(MATERIAL PROVIDED begins)

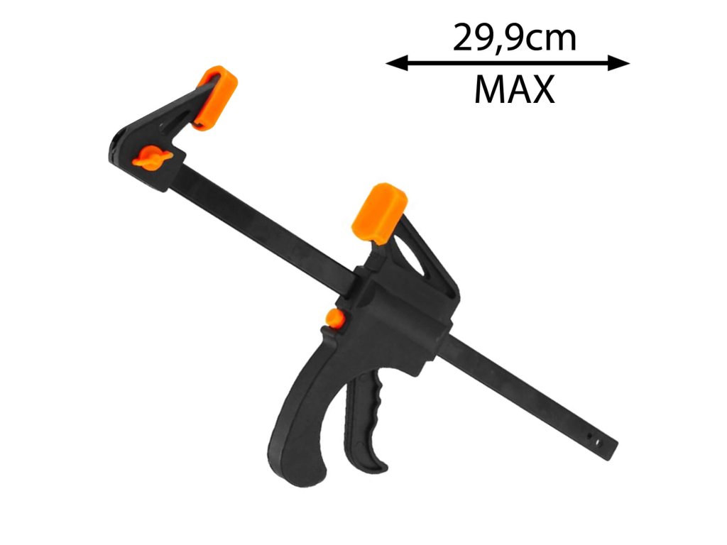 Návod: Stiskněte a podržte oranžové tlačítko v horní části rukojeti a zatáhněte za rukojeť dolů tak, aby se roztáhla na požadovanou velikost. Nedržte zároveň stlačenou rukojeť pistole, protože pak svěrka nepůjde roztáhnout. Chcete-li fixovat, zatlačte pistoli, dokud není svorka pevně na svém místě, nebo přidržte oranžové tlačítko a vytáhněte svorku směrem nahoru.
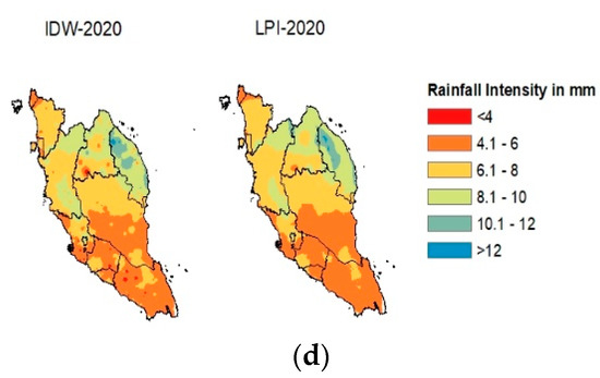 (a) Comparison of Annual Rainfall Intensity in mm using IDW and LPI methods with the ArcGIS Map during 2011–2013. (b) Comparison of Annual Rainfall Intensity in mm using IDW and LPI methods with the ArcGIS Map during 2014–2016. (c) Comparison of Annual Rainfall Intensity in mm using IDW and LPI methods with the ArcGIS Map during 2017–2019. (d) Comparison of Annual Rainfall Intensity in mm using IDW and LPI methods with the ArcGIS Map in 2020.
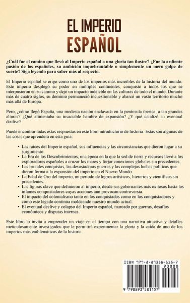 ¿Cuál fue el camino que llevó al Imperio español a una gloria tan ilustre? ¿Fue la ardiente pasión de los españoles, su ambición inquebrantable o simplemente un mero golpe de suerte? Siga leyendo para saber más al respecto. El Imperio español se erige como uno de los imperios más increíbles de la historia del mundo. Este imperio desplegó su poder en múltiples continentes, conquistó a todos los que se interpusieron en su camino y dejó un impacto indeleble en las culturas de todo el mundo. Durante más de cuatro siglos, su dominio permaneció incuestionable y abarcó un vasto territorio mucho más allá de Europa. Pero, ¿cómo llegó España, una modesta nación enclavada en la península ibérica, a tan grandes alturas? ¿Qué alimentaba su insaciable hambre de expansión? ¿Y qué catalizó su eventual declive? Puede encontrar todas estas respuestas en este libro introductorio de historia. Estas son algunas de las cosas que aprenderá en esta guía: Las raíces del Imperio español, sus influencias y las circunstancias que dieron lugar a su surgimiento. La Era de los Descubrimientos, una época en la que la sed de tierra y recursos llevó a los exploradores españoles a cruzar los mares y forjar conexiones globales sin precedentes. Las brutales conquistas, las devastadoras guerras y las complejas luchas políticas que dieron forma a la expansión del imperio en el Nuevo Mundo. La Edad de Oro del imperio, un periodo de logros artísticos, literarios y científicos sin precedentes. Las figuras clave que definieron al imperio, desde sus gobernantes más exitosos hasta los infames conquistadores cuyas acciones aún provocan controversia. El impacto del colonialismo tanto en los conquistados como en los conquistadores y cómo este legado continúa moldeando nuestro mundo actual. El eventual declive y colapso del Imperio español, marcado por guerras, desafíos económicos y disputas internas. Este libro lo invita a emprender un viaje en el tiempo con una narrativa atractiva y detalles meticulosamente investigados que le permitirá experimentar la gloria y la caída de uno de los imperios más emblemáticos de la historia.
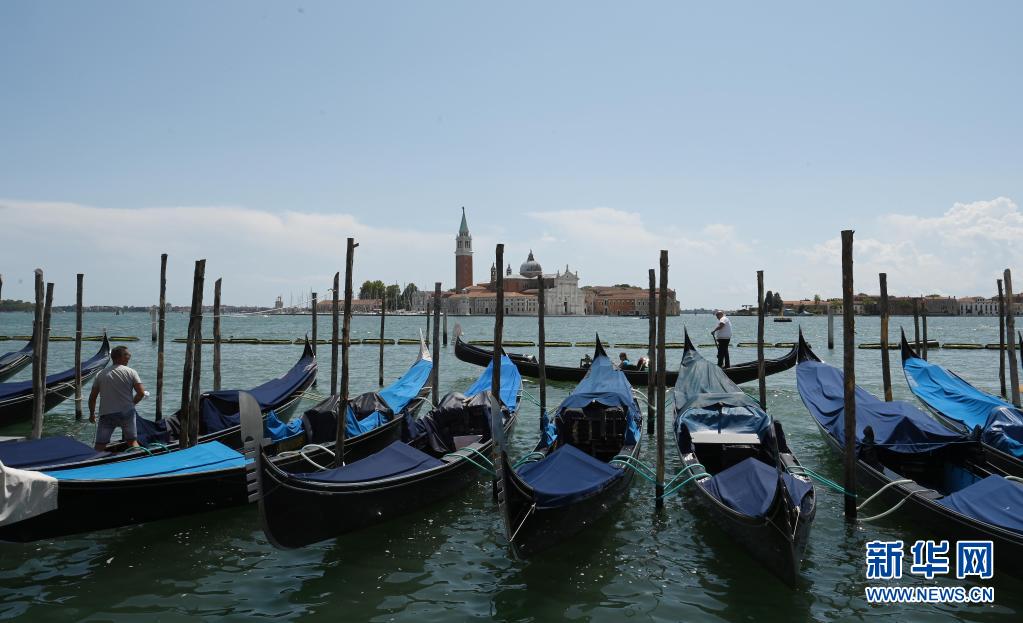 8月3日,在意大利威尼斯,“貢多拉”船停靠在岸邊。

(MATERIAL PROVIDED ends)

Repeat, word for word and with no pictures, only the lines running from the beginning of the data to the line that contains "(a) Comparison of".

 Návod: Stiskněte a podržte oranžové tlačítko v horní části rukojeti a zatáhněte za rukojeť dolů tak, aby se roztáhla na požadovanou velikost. Nedržte zároveň stlačenou rukojeť pistole, protože pak svěrka nepůjde roztáhnout. Chcete-li fixovat, zatlačte pistoli, dokud není svorka pevně na svém místě, nebo přidržte oranžové tlačítko a vytáhněte svorku směrem nahoru.
 (a) Comparison of Annual Rainfall Intensity in mm using IDW and LPI methods with the ArcGIS Map during 2011–2013. (b) Comparison of Annual Rainfall Intensity in mm using IDW and LPI methods with the ArcGIS Map during 2014–2016. (c) Comparison of Annual Rainfall Intensity in mm using IDW and LPI methods with the ArcGIS Map during 2017–2019. (d) Comparison of Annual Rainfall Intensity in mm using IDW and LPI methods with the ArcGIS Map in 2020.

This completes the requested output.